Why this phase exists
Most engineers hit the data tier as a wall. Their tutorial-shaped datasets fit in CSV. Real ML systems read from tables that evolve, streams that backfill, joins that span sources, historical snapshots that may need to be reproduced months later. Without a working data tier, every Y5 ML deploy turns into a one-off scripted ETL nightmare.
The lakehouse pattern solves this. Tables on object storage with proper transaction semantics. Snapshots immutable. Time-travel a first-class concern. Schema evolution without rewriting petabytes. Netflix originated Iceberg at scale; Databricks Delta Lake is the parallel format from the Databricks lineage; Apache Hudi (originating at Uber) is the streaming-native sibling. All converge on the same pattern.
The pattern-first frame
Same eight steps.
1. PROBLEM
You have data — events arriving at high frequency, business records, derived data (features, embeddings, scores). You want to:
- Store the data durably and cheaply (object storage)
- Query it analytically at scale
- Evolve the schema as data evolves (without rewriting)
- Time-travel through the data (snapshot at a past point)
- Mix batch + streaming pipelines in one architecture
That’s the lakehouse problem. Iceberg + MinIO + Nessie is one K8s-native implementation. Delta Lake (Databricks lineage) + Hudi (Uber lineage) are the parallel formats.
2. PRINCIPLES
2.1 Lakehouse architecture
Tables on object storage with metadata providing transactional semantics. Warehouse-quality reads + lake-quality storage costs.
→ Pattern: lakehouse — OUTLINE this phase (deepens through operation)
Investigate:
- Why is “data lake alone” insufficient (no schema enforcement, no transactions, hot mess after 18 months)?
- Why is “data warehouse alone” insufficient (lock-in, cost at scale)?
- What does Iceberg’s manifest list do, and why is it the key to time-travel?
2.2 Snapshot-plus-delta
A table is a sequence of immutable manifest files. Transactions are modeled as snapshot pointers. New write → new snapshot → old snapshots still exist. Time-travel is “read the older snapshot pointer.”
→ Pattern: snapshot-plus-delta
Investigate:
- Walk Iceberg’s metadata layout: catalog → metadata.json → manifest list → manifest → data files.

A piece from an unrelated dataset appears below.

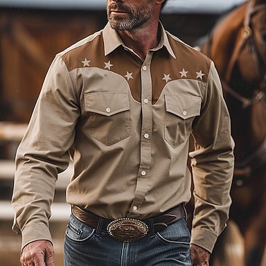 Miesten Tähdet Paita Länsimainen paita Cowboy paita Pitkähihainen Vintage länsimaista tyyliä ulko- Työ Rento / arki Syystalvi Sänkyjen avaus Napit Painettu Khaki

What lives at each level?
- How does atomic commit work given object storage’s lack of atomic rename?
- What’s compaction, and why does it matter?
2.3 Schema evolution
Add columns, drop columns, rename, widen types — without rewriting the data. Only metadata changes.
→ Pattern: schema-evolution
Investigate:
- Which schema changes are zero-cost in Iceberg? Which are expensive?
- How does Iceberg’s hidden partitioning differ from Hive-style explicit partitions?
- What goes wrong when readers and writers disagree on schema?
2.4 Partitioning at the data layer
Phase 21 covered partitioning at the distributed-systems level. The data tier has its own: how Iceberg tables are partitioned (date, country, hash) for query performance.
Investigate:
- Why does partitioning matter for analytical queries (partition pruning)?
- What’s “hidden partitioning” in Iceberg, and why is it better than Hive-style?
- When does over-partitioning hurt (file proliferation, metadata overhead)?
2.5 Object storage as substrate
Lakehouse architectures stand on object storage (S3, MinIO, GCS). Object storage’s properties — eventually-consistent listings (historically), list-cost economics, no atomic rename — shape every layer above.
Investigate:
- Why does eventually-consistent listing matter for Iceberg’s manifest reads?
- What changed when AWS S3 went strongly-consistent in 2020?
- Why is MinIO a credible homelab S3 surrogate?
2.6 The K8s-native lakehouse deployment
The whole lakehouse stack is K8s-native: MinIO via Helm (or MinIO Operator for multi-tenant); Nessie via Helm; Trino via Helm. All reconciled by Flux. Spark connects to Iceberg via the Spark-Iceberg integration. Storage class via Longhorn.
Investigate:
- Why is MinIO Operator preferred for multi-tenant MinIO?
- How does Trino’s K8s Helm chart compose with Flux?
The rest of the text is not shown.